==== DATA EXTRACT ====

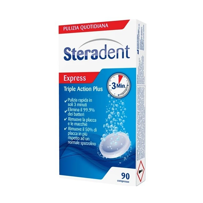 Triple action plus Compresse igienizzanti per dentiere sia totali che parziali.
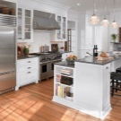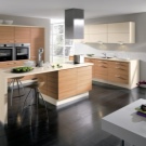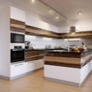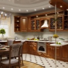 تصميم من نوع الجزيرة مناسب لمثل هذا المطبخ الواسع إلى حد ما. يحتوي هذا الطراز على العديد من الوظائف الإضافية والأرفف والأدراج وأحيانًا مغسلة مع موقد. خلف هذا العداد ، من الملائم تناول وجبة خفيفة ومن الملائم تحضير أطباق من أي تعقيد..
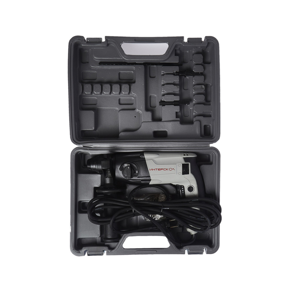 Перфоратор Интерскол П-18/450ЭР (66.0.3.00). Рукоятка боковая. Ограничитель глубины бурения. Руководство по эксплуатации и Инструкция по безопасности. Гарантийный талон. Список сервисных центров. Кейс. |
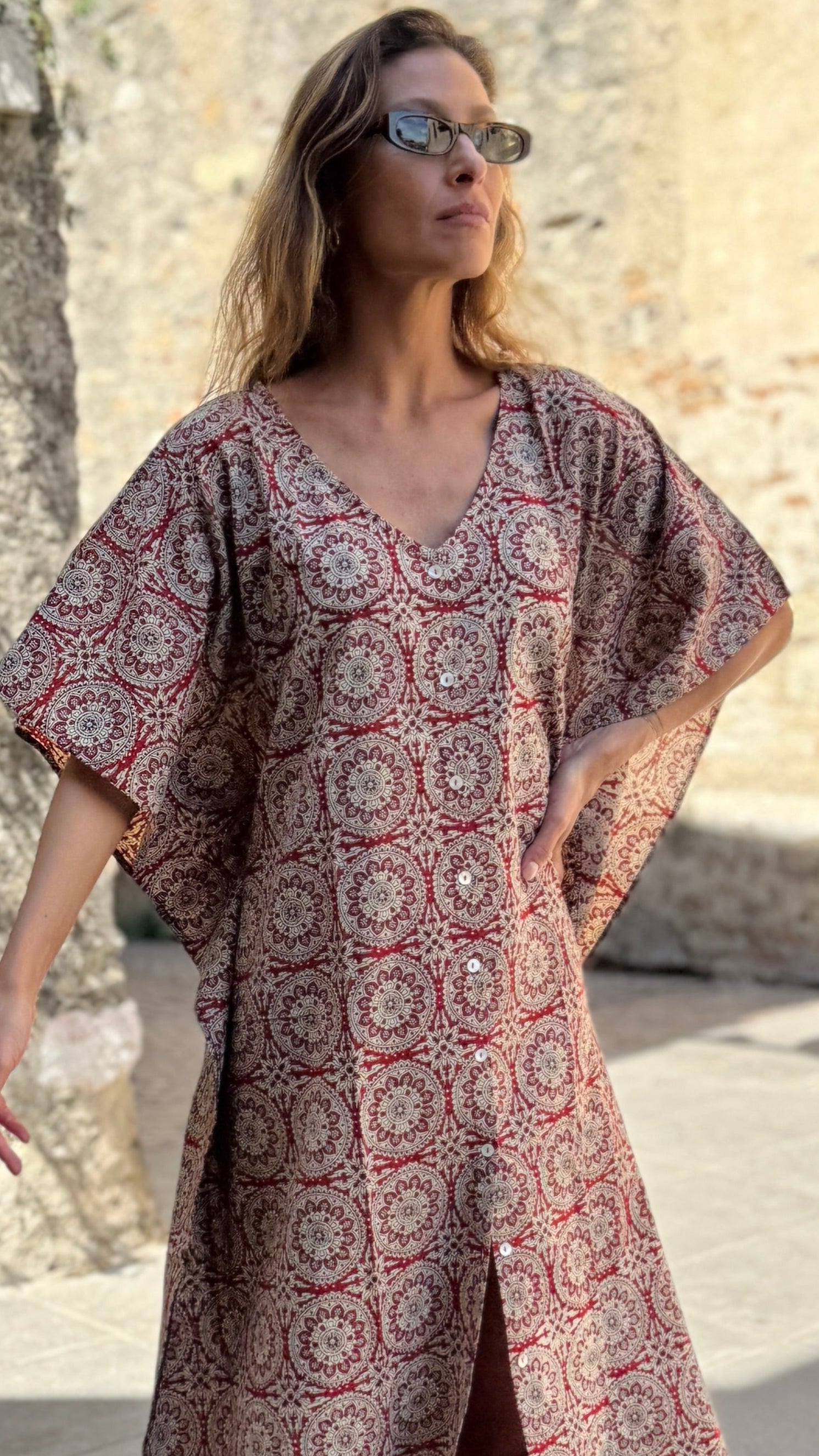 Scopri il fascino intramontabile del nostro caftano in cotone indiano filato e stampato a mano.
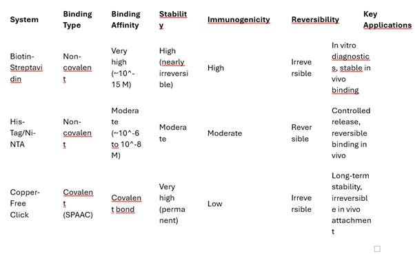 Technical Considerations: Although biotin-streptavidin binding is extremely strong, streptavidin itself is immunogenic and may trigger an immune response in vivo. Alternatives like monomeric streptavidin or biotin derivatives are explored to reduce immunogenicity.
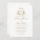 Plain white envelopes are included with paper invitations and will come to fit the invitation size you select. If you don’t need the envelopes, you may choose to not receive them by selecting the dropdown below "Envelopes" and choosing "None." If you’d like to have a design on your envelopes, you can browse all of these available envelopes to find the design that complements your Elegant Gold Monogram Crest Wedding Invitation.

====

A verbatim copy of every entry above, with no pictures, is the expected output.

§ ANSWER TO THIS PROBLEM:
 Triple action plus Compresse igienizzanti per dentiere sia totali che parziali.
 تصميم من نوع الجزيرة مناسب لمثل هذا المطبخ الواسع إلى حد ما. يحتوي هذا الطراز على العديد من الوظائف الإضافية والأرفف والأدراج وأحيانًا مغسلة مع موقد. خلف هذا العداد ، من الملائم تناول وجبة خفيفة ومن الملائم تحضير أطباق من أي تعقيد..
 Перфоратор Интерскол П-18/450ЭР (66.0.3.00). Рукоятка боковая. Ограничитель глубины бурения. Руководство по эксплуатации и Инструкция по безопасности. Гарантийный талон. Список сервисных центров. Кейс. |
 Scopri il fascino intramontabile del nostro caftano in cotone indiano filato e stampato a mano.
 Technical Considerations: Although biotin-streptavidin binding is extremely strong, streptavidin itself is immunogenic and may trigger an immune response in vivo. Alternatives like monomeric streptavidin or biotin derivatives are explored to reduce immunogenicity.
 Plain white envelopes are included with paper invitations and will come to fit the invitation size you select. If you don’t need the envelopes, you may choose to not receive them by selecting the dropdown below "Envelopes" and choosing "None." If you’d like to have a design on your envelopes, you can browse all of these available envelopes to find the design that complements your Elegant Gold Monogram Crest Wedding Invitation.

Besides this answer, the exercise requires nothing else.